Start of Block

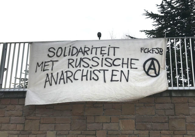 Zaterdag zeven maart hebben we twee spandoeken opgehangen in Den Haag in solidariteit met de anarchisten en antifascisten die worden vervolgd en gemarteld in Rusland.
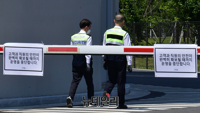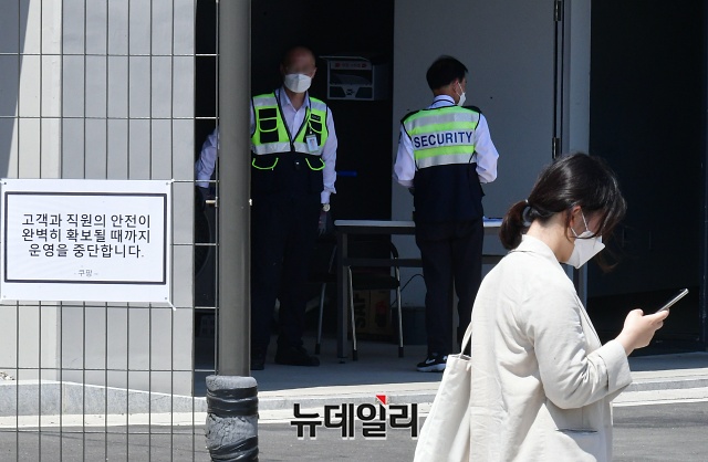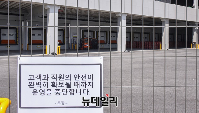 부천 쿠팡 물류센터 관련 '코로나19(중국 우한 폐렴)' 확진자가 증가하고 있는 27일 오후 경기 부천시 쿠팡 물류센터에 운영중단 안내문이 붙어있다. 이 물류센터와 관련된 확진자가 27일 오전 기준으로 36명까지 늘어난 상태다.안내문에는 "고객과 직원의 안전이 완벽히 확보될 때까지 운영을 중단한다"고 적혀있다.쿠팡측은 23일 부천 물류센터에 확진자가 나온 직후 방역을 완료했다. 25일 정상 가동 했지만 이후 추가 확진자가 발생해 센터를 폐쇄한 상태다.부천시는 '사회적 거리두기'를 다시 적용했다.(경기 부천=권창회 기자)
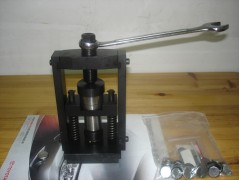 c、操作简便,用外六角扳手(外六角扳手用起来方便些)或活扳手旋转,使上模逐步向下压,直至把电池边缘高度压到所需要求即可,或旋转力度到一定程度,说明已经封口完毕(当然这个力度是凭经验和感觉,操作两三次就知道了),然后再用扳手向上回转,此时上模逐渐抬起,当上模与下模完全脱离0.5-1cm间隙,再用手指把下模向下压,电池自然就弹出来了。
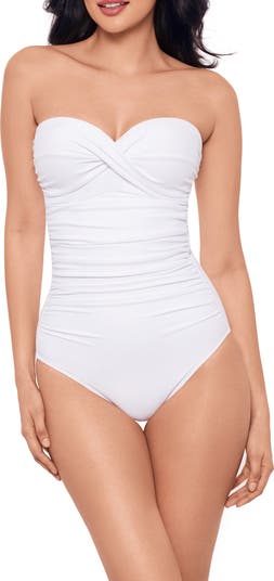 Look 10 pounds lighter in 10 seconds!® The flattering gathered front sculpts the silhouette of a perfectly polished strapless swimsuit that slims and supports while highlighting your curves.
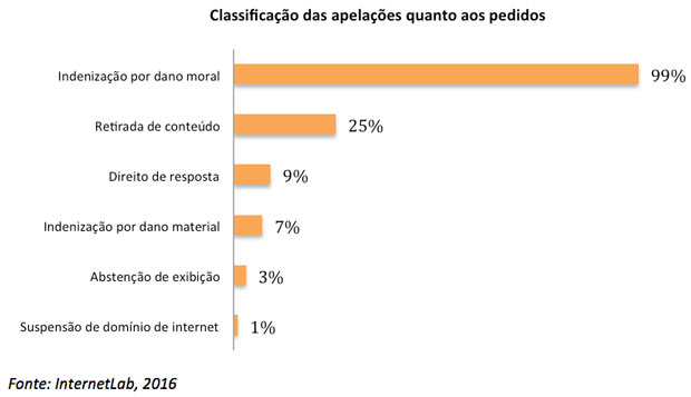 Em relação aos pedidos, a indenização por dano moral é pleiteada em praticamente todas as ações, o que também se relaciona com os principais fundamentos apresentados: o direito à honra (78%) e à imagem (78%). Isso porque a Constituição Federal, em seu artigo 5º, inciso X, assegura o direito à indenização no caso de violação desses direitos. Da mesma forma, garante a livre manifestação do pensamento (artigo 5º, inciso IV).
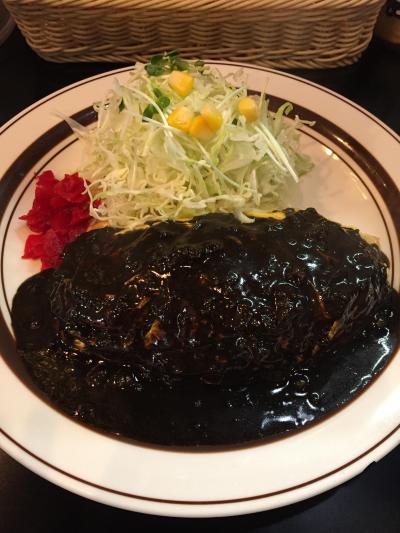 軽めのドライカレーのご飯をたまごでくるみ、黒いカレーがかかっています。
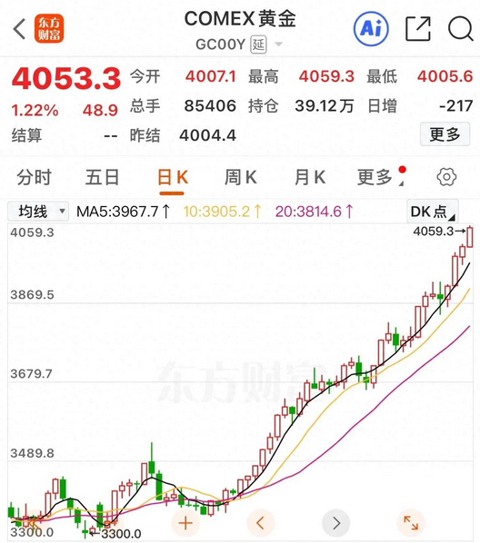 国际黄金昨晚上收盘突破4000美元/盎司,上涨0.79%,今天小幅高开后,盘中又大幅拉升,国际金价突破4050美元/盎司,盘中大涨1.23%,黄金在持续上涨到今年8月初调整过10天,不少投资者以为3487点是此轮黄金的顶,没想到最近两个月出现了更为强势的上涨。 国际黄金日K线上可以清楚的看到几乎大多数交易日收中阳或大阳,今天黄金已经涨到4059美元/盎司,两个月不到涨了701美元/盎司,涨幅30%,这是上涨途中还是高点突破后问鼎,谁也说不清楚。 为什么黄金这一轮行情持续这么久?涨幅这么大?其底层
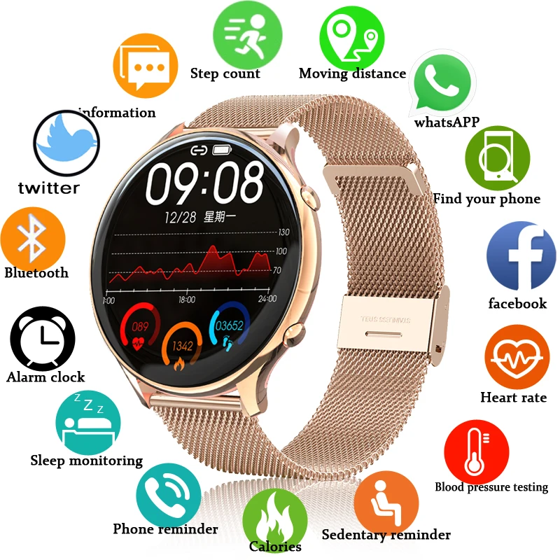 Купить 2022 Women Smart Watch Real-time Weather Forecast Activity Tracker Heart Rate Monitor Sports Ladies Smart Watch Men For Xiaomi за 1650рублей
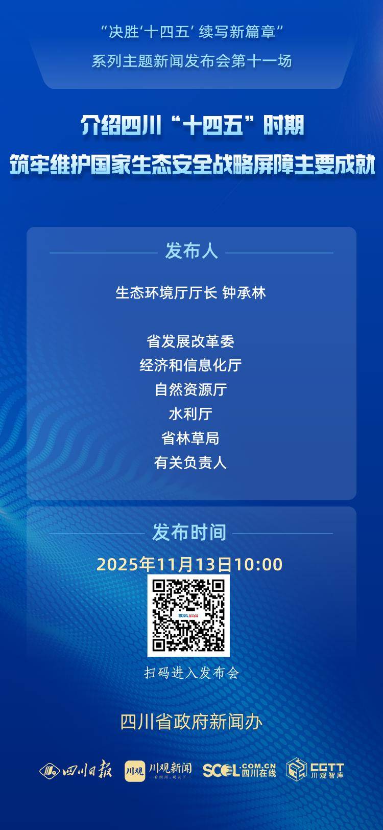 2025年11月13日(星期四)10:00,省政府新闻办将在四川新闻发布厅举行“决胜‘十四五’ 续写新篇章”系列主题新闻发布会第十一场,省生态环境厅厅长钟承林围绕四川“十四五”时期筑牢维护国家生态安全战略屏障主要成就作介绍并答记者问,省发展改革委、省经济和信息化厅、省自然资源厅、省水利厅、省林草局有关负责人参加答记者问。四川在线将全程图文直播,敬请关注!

End of Block
Start of Block

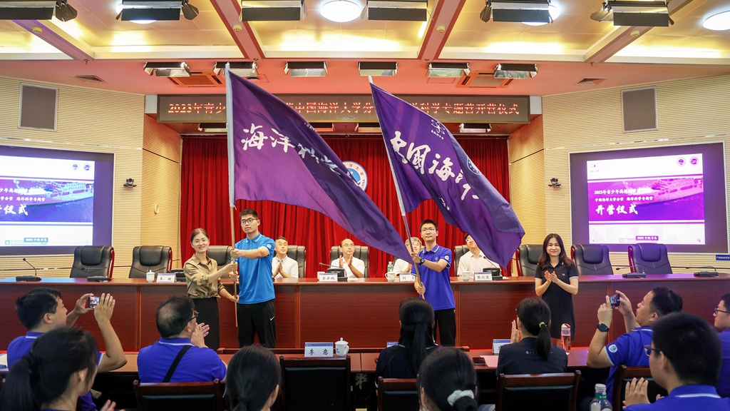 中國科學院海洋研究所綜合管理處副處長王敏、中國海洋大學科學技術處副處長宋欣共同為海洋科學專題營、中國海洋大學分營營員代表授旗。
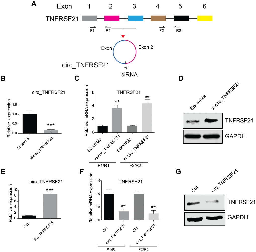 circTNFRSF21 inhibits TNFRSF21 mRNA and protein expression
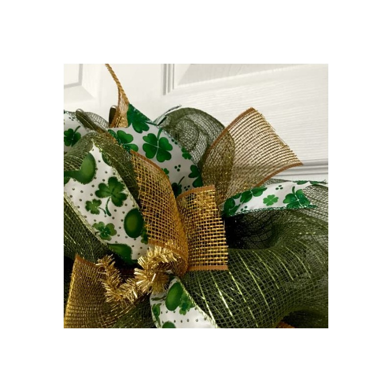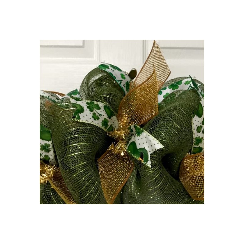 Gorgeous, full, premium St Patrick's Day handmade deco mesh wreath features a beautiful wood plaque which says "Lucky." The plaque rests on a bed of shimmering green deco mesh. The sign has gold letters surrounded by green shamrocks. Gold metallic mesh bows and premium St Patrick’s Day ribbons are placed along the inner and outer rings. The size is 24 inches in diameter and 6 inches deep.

End of Block

Given the entries above, transcribe exactly the lines from the one holding "Zaterdag zeven maart" through the one holding "부천 쿠팡 물류센터 관련"; pictures do not belong in the transcription.

# Completed task
 Zaterdag zeven maart hebben we twee spandoeken opgehangen in Den Haag in solidariteit met de anarchisten en antifascisten die worden vervolgd en gemarteld in Rusland.
 부천 쿠팡 물류센터 관련 '코로나19(중국 우한 폐렴)' 확진자가 증가하고 있는 27일 오후 경기 부천시 쿠팡 물류센터에 운영중단 안내문이 붙어있다. 이 물류센터와 관련된 확진자가 27일 오전 기준으로 36명까지 늘어난 상태다.안내문에는 "고객과 직원의 안전이 완벽히 확보될 때까지 운영을 중단한다"고 적혀있다.쿠팡측은 23일 부천 물류센터에 확진자가 나온 직후 방역을 완료했다. 25일 정상 가동 했지만 이후 추가 확진자가 발생해 센터를 폐쇄한 상태다.부천시는 '사회적 거리두기'를 다시 적용했다.(경기 부천=권창회 기자)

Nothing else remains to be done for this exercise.